YOUR ASSIGNMENT: Retype the following data exactly, but leave its pictures out.

RECORDED DATA:
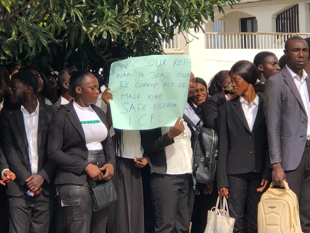 Hundreds of protesters, led by the Concerned Lawyers and Citizens Network (CLCN), stormed the headquarters of the Independent Corrupt Practices and Other Related Offences Commission (ICPC) in Abuja on Thursday demanding an immediate investigation into what they described as a massive $4 billion fraud involving the MSM Group and missing funds meant for Nigeria’s refinery rehabilitation.
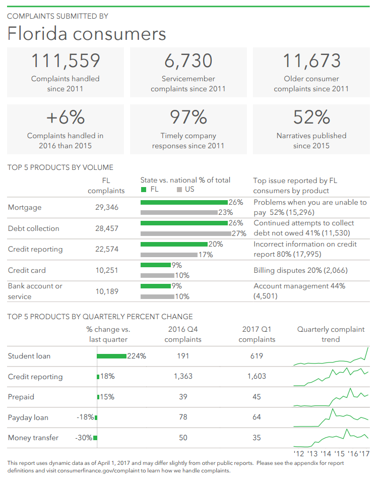 In total, Florida received 111,559 complaints, with mortgage and debt collections complaints coming in as the top complained about categories.
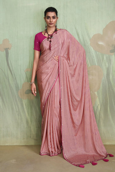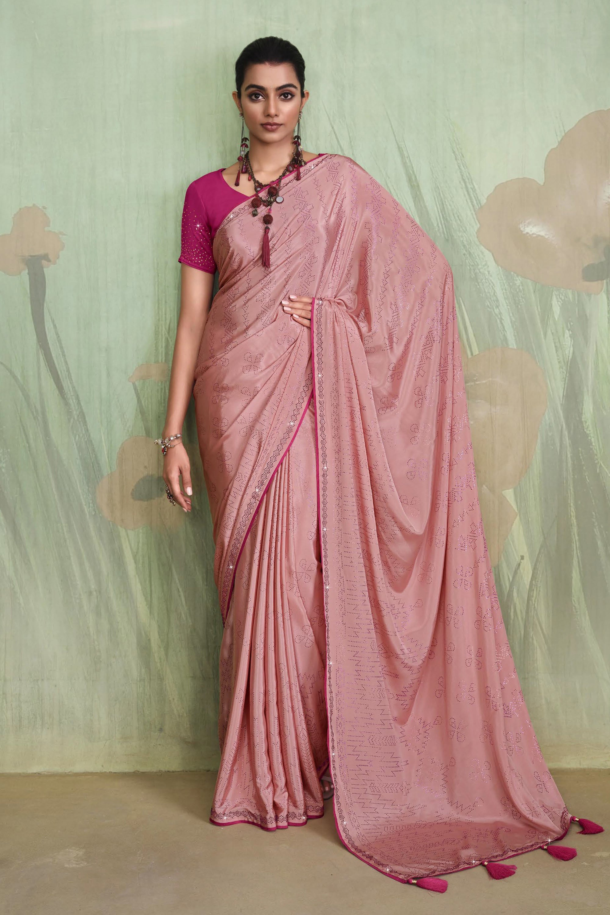 Dazzling Pink Color Satin Crepe Saree With Contrast Blouse

WRITTEN ANSWER:
 Hundreds of protesters, led by the Concerned Lawyers and Citizens Network (CLCN), stormed the headquarters of the Independent Corrupt Practices and Other Related Offences Commission (ICPC) in Abuja on Thursday demanding an immediate investigation into what they described as a massive $4 billion fraud involving the MSM Group and missing funds meant for Nigeria’s refinery rehabilitation.
 In total, Florida received 111,559 complaints, with mortgage and debt collections complaints coming in as the top complained about categories.
 Dazzling Pink Color Satin Crepe Saree With Contrast Blouse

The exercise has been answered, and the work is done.